In this embodiment, referring to fig. 1 and fig. 2, the M adjusting holes 1021 on the first surface 1020 may be arranged such that the first adjusting holes in the ith row and the second adjusting holes in the (i + 1) th row are distributed in a staggered manner. Specifically, M may be 7, i may be 1, and 4 first adjustment holes of the 1 st row and 3 second adjustment holes of the 2 nd row are distributed with a shift. 7 adjust hole 1021 for elasticity connecting portion 102 internal gap is even, and then, when making the resonance take place, the inside frequency distribution of elasticity connecting portion 102 is even, in order to reach better shock attenuation effect.

Optionally, the number M of the adjusting holes 1021 can also be 8, and the adjusting holes 1021 can be arranged to be distributed in an array on the first surface 1020, that is, 2 rows and 4 columns, and 8 adjusting holes 1021, so that the internal gap of the elastic connecting portion 102 is uniform, and further, when resonance occurs, the frequency distribution inside the elastic connecting portion 102 is uniform, so as to achieve a better damping effect.

In an embodiment of the present invention, the rear axle shock absorbing assembly may be mounted on a rear axle of a vehicle.

The rear axle structure, the elastic connecting part and the counterweight part are sequentially stacked, the rigidity of the elastic connecting part is adjusted through the adjusting hole, and the frequency of the rear axle vibration absorption component is coincided with the modal frequency of the rear axle of the vehicle by adjusting the rigidity of the elastic connecting part and/or changing the mass of the counterweight part aiming at different vehicle types, so that energy generated by resonance is offset, and a better vibration absorption effect is achieved.

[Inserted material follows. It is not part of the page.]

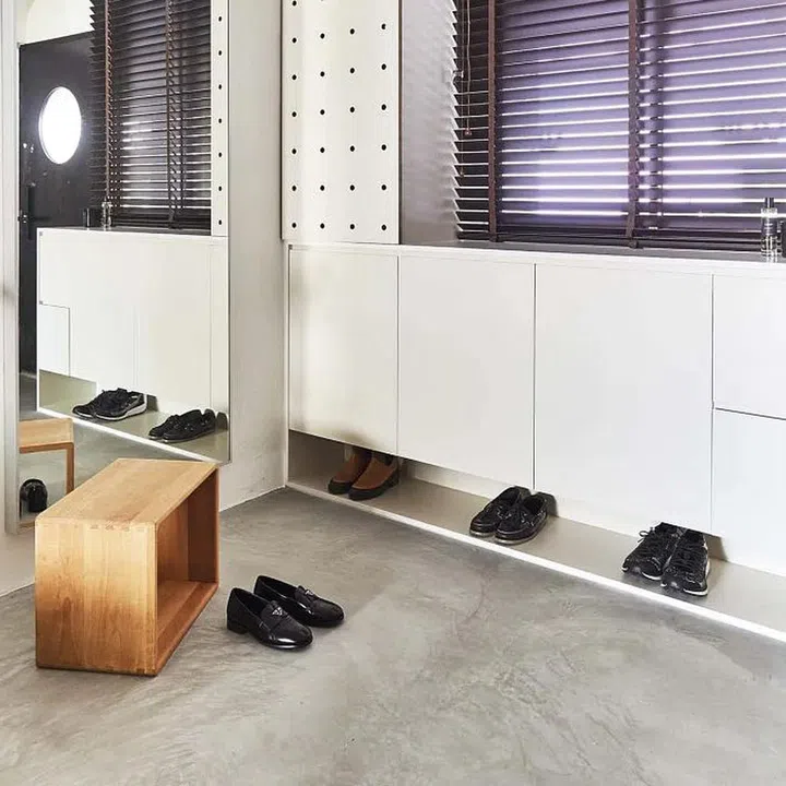 Even the front door is free of visual distractions, thanks to the lack of a gate, and a large fluted-glass porthole in place of the usual peephole and doorbell combination. According to Rei, the couple feels safe enough to do this as Jody knows the neighbourhood well.

Referring to fig. 3, fig. 3 is a flowchart of a method for adjusting the frequency of a vibration absorbing assembly according to an embodiment of the present invention, and as shown in fig. 3, a method for adjusting the frequency of a vibration absorbing assembly according to an embodiment of the present invention further includes the following steps:

and 301, acquiring the modal frequency of the rear axle structure.

In this step, the rear axle structure is connected to the rear axle of the vehicle, and the modal frequency of the rear axle structure can be considered as the modal frequency of the rear axle of the vehicle. The mode is the inherent vibration characteristic of the structural system, the vibration characteristic of each order of mode of the rear axle structure in the bumping motion process can be obtained through mode analysis, the vibration response result of the rear axle structure under the excitation action of various external vibration sources in the frequency band is obtained, and the mode parameters are obtained through a mode analysis method and the mode frequency of the rear axle structure is obtained through a relevant test.

And 302, selecting a frequency adjusting piece corresponding to the modal frequency, wherein the frequency adjusting piece comprises an elastic connecting part.

In this step, the modal frequency of the rear axle structure obtained in the previous step is used to select a corresponding frequency adjusting member, where the frequency adjusting member may be an elastic connecting portion, or a counterweight portion disposed at a second end of the elastic connecting portion.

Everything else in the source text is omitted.